Box-office figures were exaggerated by the authorities to demonstrate to the rest of the world that there was a large Soviet audience for Soviet films.
A short while later, The Battleship Potemkin was shown in Berlin where it became an enormous hit, moving from a small cinema on the Friederichstrasse to twelve cinemas around Berlin. Encouraged by the film's success, its German distributor decided to commission the Austrian-born Edmund Meisel to write a score for the theatre orchestra. By the time of Eisenstein's arrival in Berlin, Meisel had reached the last reel in which the battleship, with the mutinous sailors on board, goes out to confront the Tsar's navy, tension mounting as the ships approach one another.

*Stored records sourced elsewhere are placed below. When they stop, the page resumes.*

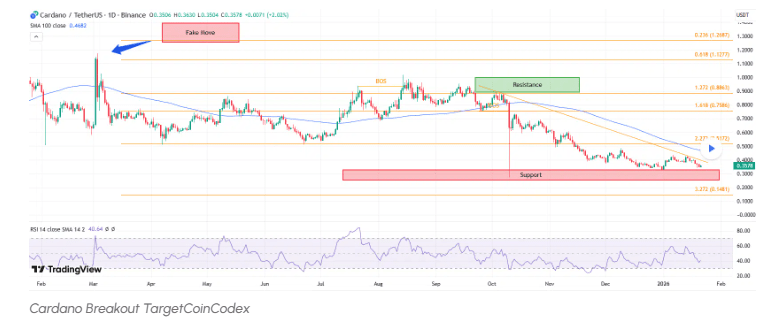 Яркое начало года было прервано, когда Cardano резко упал с $0.428 14 января до минимальных значений $0.342 пять дней спустя. Тем временем, монета стабилизировалась вокруг ключевой поддержки в средних $0.30, как подчеркнул анализ TradingView от CoinCodex.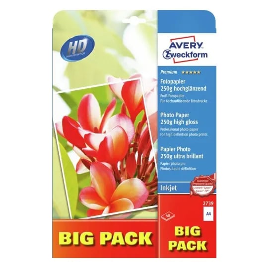 Fotopapper Avery Premium A4 250G Glossy T/Inkjet (40 Ark Per Förpackning)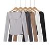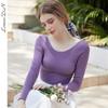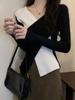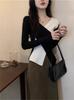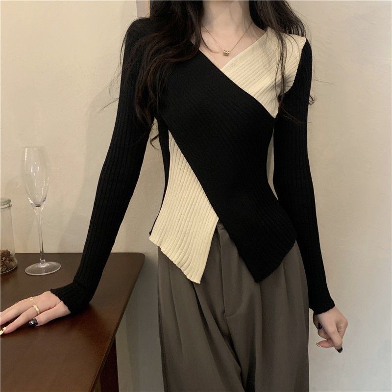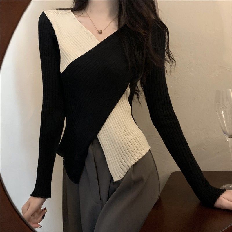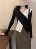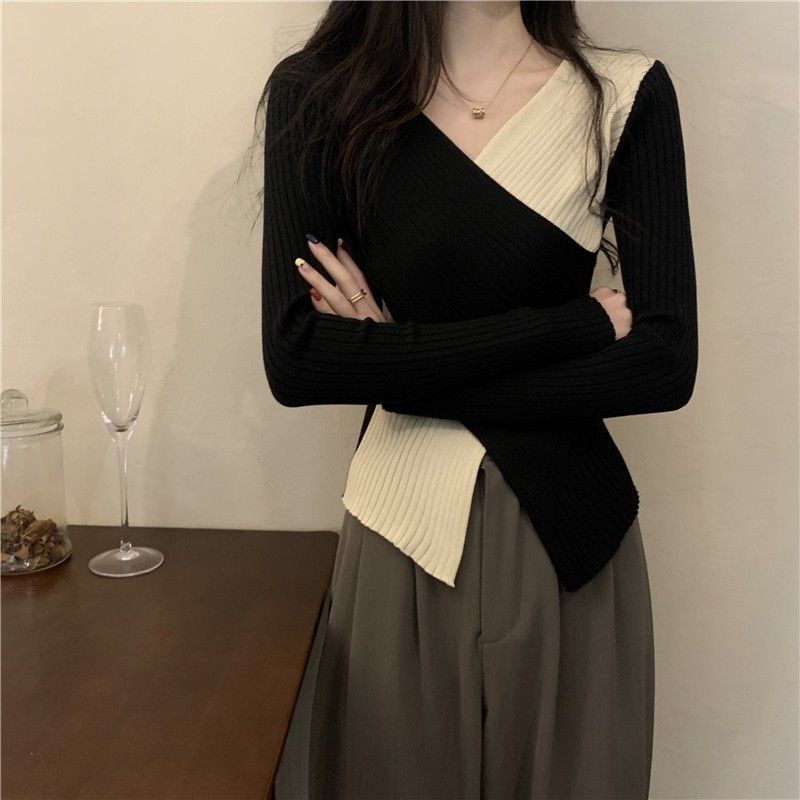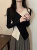 Camiseta de punto ajustada, sexy y pura, de nuevo estilo, con cintura ajustada, escote en V cruzado y aberturas elásticas.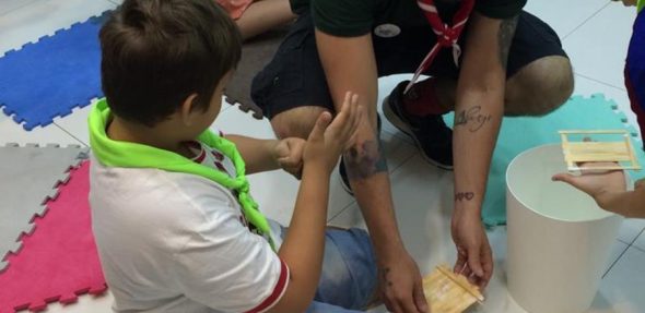 Os alunos puderam ver um pouco de como é ser escoteiro em atividades com muitos chunks!

Eisenstein's advice to the composer was 'the music for this reel should be rhythm, rhythm and, before all else, rhythm.' He dissuaded Meisel from composing purely illustrative music and got him to accentuate certain effects. (Meisel's score was thought lost for some years, and other music has been tagged onto it over the years from extracts from Shostokovich symphonies to the Pet Shop Boys.)
At Berlin, 79 years later, the pulsating score, which included gunshots realistically simulated by drums and cymbals, made a tremendous impact, especially during the final 'music for machines' sequence, where it reaches an almost unbearable percussive crescendo, counterpointing the speed of the ship. (In fact, it was an illusion created by montage. The ship was stationary.)
During the Odessa Steps sequence, against which the whole of cinema can be defined, the music reflects what Eisenstein called 'dialectical montage'.
Eisenstein's method is one of collision, conflict and contrast, with the emphasis on a dynamic juxtaposition of individual shots that forces the audience consciously to come to conclusions about the interplay of images while they are also emotionally and psychologically affected. The 80-minute The Battleship Potemkin contains 1,346 shots, whereas the average film around 1926 ran 90 minutes and had around 600 shots.
Curiously, the music was one of the aspects of the film considered to be subversive at the time. In some cities of Germany, the film was passed for screening but the music was forbidden. The Battleship Potemkin's depiction of a successful rebellion against political authority disturbed the world's censors.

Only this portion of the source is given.